▶ Work task
The records below must be transcribed exactly, with each picture left out.

--------------------

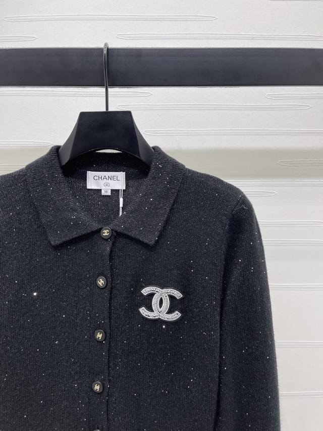 New, original, high-quality Chane* 2025 Early Fall collection! Lapel long-sleeved cardigan! Custom wool yarn woven for a delicate, breathable and comfortable feel. Lapel knitted long-sleeved cardigan cut with solid solid color, sequined accents, and a logo on the chest highlight the brand's style. A gorgeous, sparkling, and eye-catching look. Regular fit, versatile, suitable for all ages and skin tones, and a youthful, fashionable look! Available in 2 colors! Sizes SM-L3! High-quality, bulky stock A706B400C
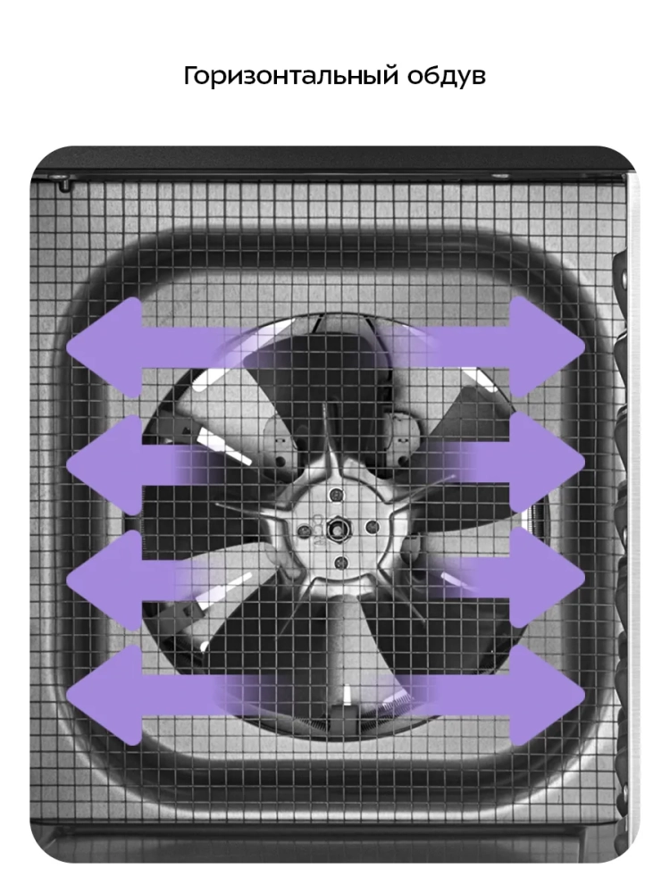 В сушилку установлены два нагревательных элемента и два вентилятора, обеспечивающих равномерное распределение нагретого воздуха по всему объему камер. Благодаря горизонтальному обдуву смешение запахов при одновременной сушке разных продуктов минимально.
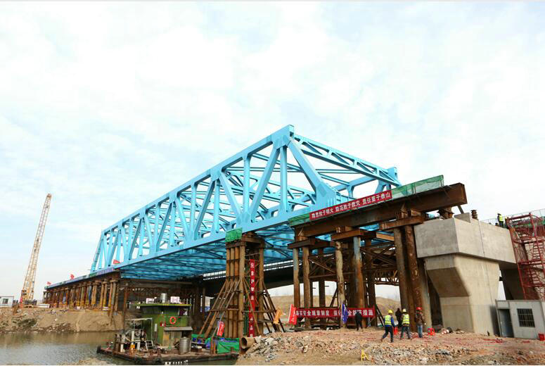 12月28日上午,經(jīng)過(guò)24個(gè)小時(shí)的托拉、檢驗(yàn)、糾偏、落梁等工序,長(zhǎng)95米,重1450噸的鋼桁梁穩(wěn)穩(wěn)落在橋墩上,京滬高速公路改擴(kuò)建項(xiàng)目跨鹽河95米鋼桁梁采用浮托法架設(shè)順利完成,標(biāo)志著由中鐵一局三公司承建的京滬高速公路改擴(kuò)建項(xiàng)目施工進(jìn)入新的階段。據(jù)悉,采用浮托法對(duì)鋼桁梁進(jìn)行架設(shè)工藝為中鐵一局首次應(yīng)用。
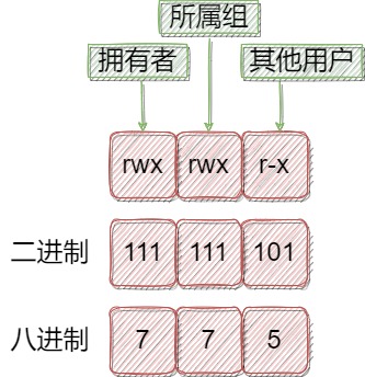 三三为一组,非-位用二进制1填充,-位用0填充,得到角色权限的二进制,在将这些二进制转化为八进制,即可使用八进制来表达角色的权限。
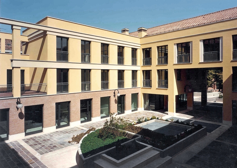 Il sistema delle corti e degli androni che le uniscono genera un percorso che diventa l’elemento centrale del progetto, in cui si esplica la forte valenza urbana di tutto l’intervento. Il progetto, pensato per il recupero funzionale e formale di un brano di città degradato, supera la logica del recupero edilizio, per proporre un impianto che dialoghi con il tessuto storico e che sia ad esso completamente organico garantendo così il rispetto del valore storico del costruito e la qualità degli spazi aperti.

--------------------

▶ Solution to this exercise
 New, original, high-quality Chane* 2025 Early Fall collection! Lapel long-sleeved cardigan! Custom wool yarn woven for a delicate, breathable and comfortable feel. Lapel knitted long-sleeved cardigan cut with solid solid color, sequined accents, and a logo on the chest highlight the brand's style. A gorgeous, sparkling, and eye-catching look. Regular fit, versatile, suitable for all ages and skin tones, and a youthful, fashionable look! Available in 2 colors! Sizes SM-L3! High-quality, bulky stock A706B400C
 В сушилку установлены два нагревательных элемента и два вентилятора, обеспечивающих равномерное распределение нагретого воздуха по всему объему камер. Благодаря горизонтальному обдуву смешение запахов при одновременной сушке разных продуктов минимально.
 12月28日上午,經(jīng)過(guò)24個(gè)小時(shí)的托拉、檢驗(yàn)、糾偏、落梁等工序,長(zhǎng)95米,重1450噸的鋼桁梁穩(wěn)穩(wěn)落在橋墩上,京滬高速公路改擴(kuò)建項(xiàng)目跨鹽河95米鋼桁梁采用浮托法架設(shè)順利完成,標(biāo)志著由中鐵一局三公司承建的京滬高速公路改擴(kuò)建項(xiàng)目施工進(jìn)入新的階段。據(jù)悉,采用浮托法對(duì)鋼桁梁進(jìn)行架設(shè)工藝為中鐵一局首次應(yīng)用。
 三三为一组,非-位用二进制1填充,-位用0填充,得到角色权限的二进制,在将这些二进制转化为八进制,即可使用八进制来表达角色的权限。
 Il sistema delle corti e degli androni che le uniscono genera un percorso che diventa l’elemento centrale del progetto, in cui si esplica la forte valenza urbana di tutto l’intervento. Il progetto, pensato per il recupero funzionale e formale di un brano di città degradato, supera la logica del recupero edilizio, per proporre un impianto che dialoghi con il tessuto storico e che sia ad esso completamente organico garantendo così il rispetto del valore storico del costruito e la qualità degli spazi aperti.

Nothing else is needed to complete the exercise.